Task details
Wherever a picture appears, skip it and retype the rest of the data exactly.

Material provided

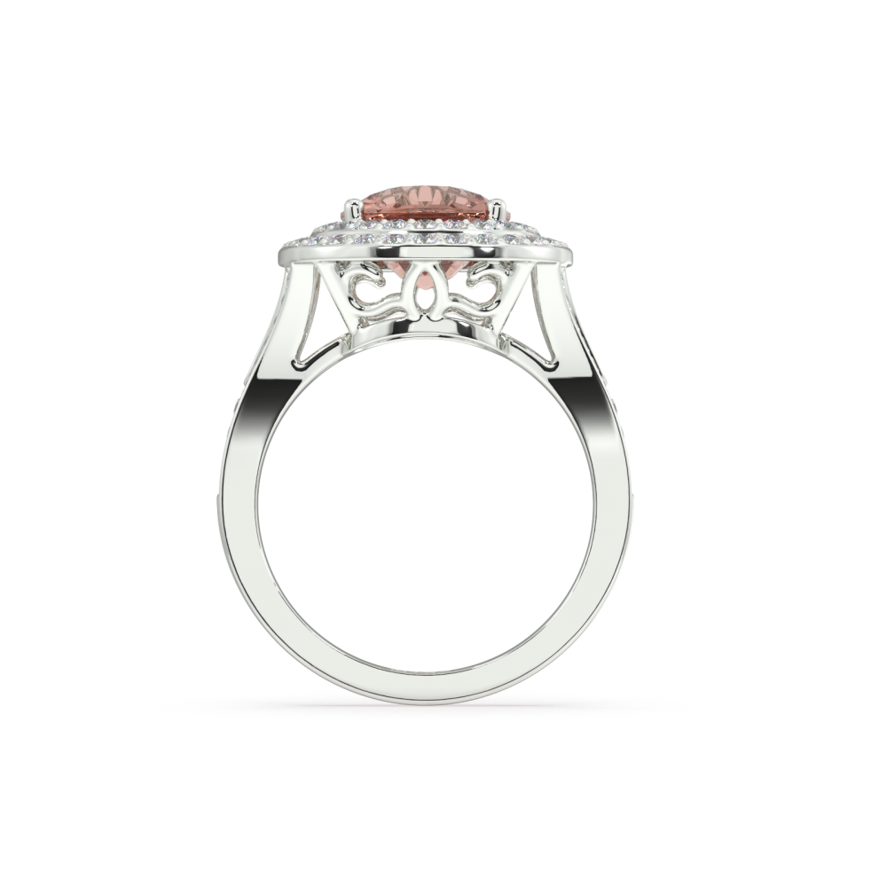 Inel din aur alb de 14K, cu Morganite Cushion Cut central de 5.43ct si diamante rotunde laterale de 0.51ct. Greutatea inelului este de aproximativ 7.60 grame. Putem modifica design-ul in functie de bugetul dumneavoastra. Putem alege caracteristicile diamantelor (taietura,...
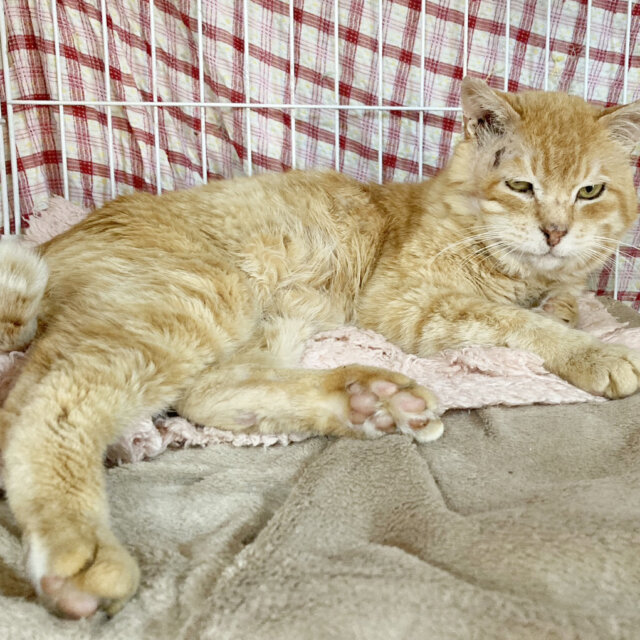 外で餌やりさんにご飯をもらっていました。手術のために保護しましたが人馴れしていて大人しい性格のため、飼い猫として里親様に迎えて頂けたらと思い募集させて頂きました。
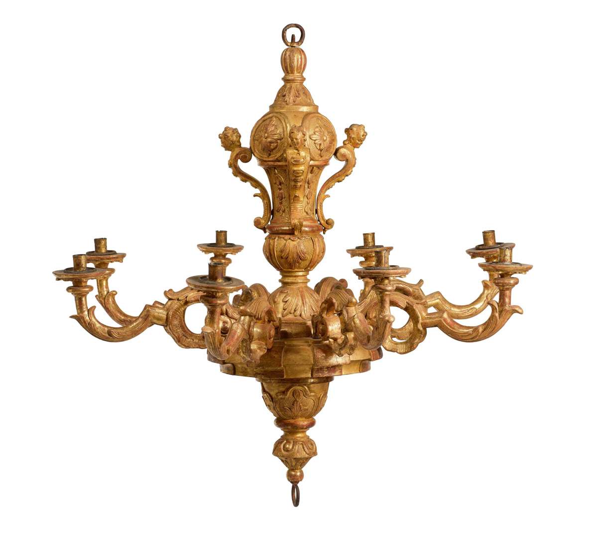 GRAND LUSTRE AUX ESPAGNOLETTES En bois sculpté et doré à huit bras de lumière rétractables, le fût en balustre aux espagnolettes issantes, fleurons et fleurettes sculptés. Anneaux de fer forgé.
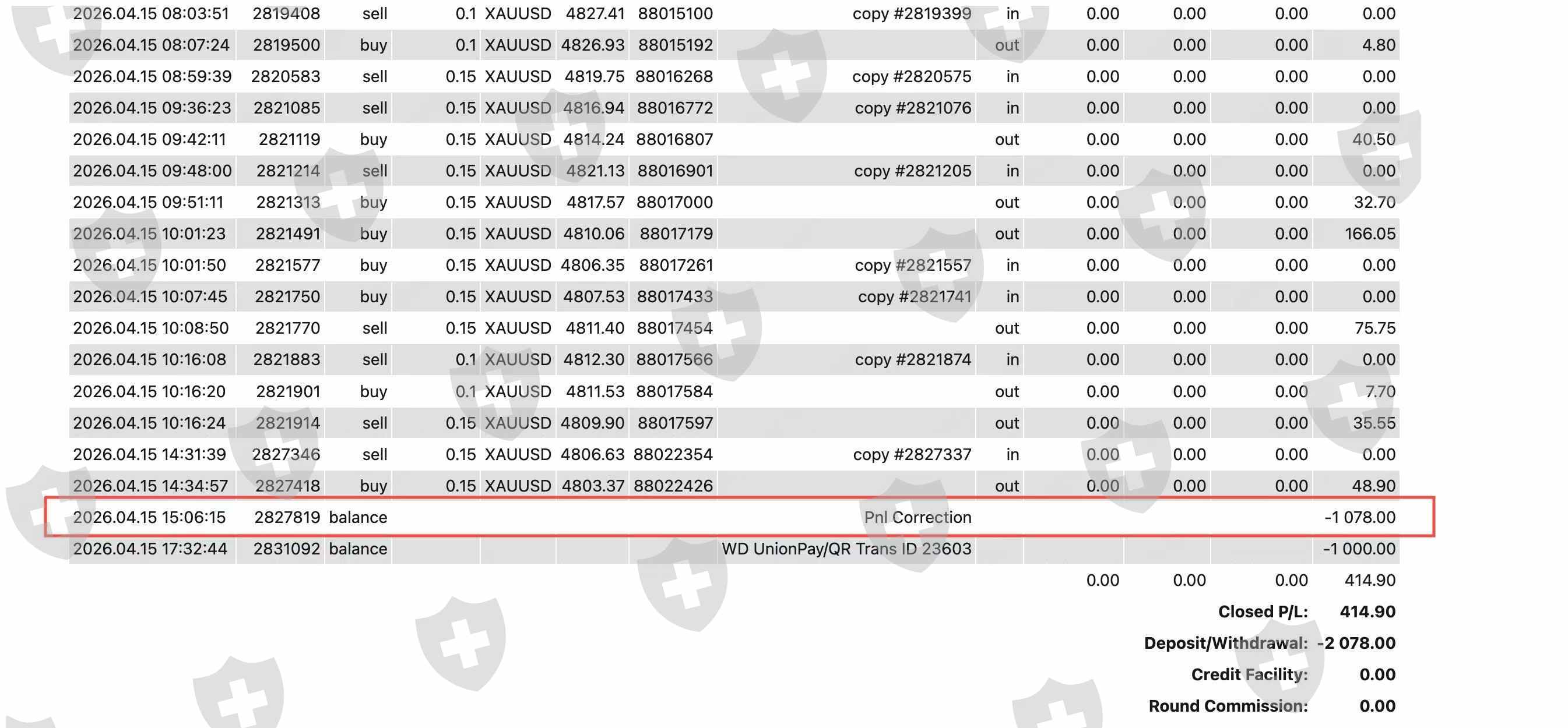 运气好,跟单赚了 1078 美金的利润。当我要申请出金时,平台直接撕破脸!他们先是在后台发了一张日结单,通过一笔名为 “PnL Correction”(盈亏修正) 的操作,直接把我账户里的 1078 美金利润全部扣除(见图2红框)。

Solution for this problem
 Inel din aur alb de 14K, cu Morganite Cushion Cut central de 5.43ct si diamante rotunde laterale de 0.51ct. Greutatea inelului este de aproximativ 7.60 grame. Putem modifica design-ul in functie de bugetul dumneavoastra. Putem alege caracteristicile diamantelor (taietura,...
 外で餌やりさんにご飯をもらっていました。手術のために保護しましたが人馴れしていて大人しい性格のため、飼い猫として里親様に迎えて頂けたらと思い募集させて頂きました。
 GRAND LUSTRE AUX ESPAGNOLETTES En bois sculpté et doré à huit bras de lumière rétractables, le fût en balustre aux espagnolettes issantes, fleurons et fleurettes sculptés. Anneaux de fer forgé.
 运气好,跟单赚了 1078 美金的利润。当我要申请出金时,平台直接撕破脸!他们先是在后台发了一张日结单,通过一笔名为 “PnL Correction”(盈亏修正) 的操作,直接把我账户里的 1078 美金利润全部扣除(见图2红框)。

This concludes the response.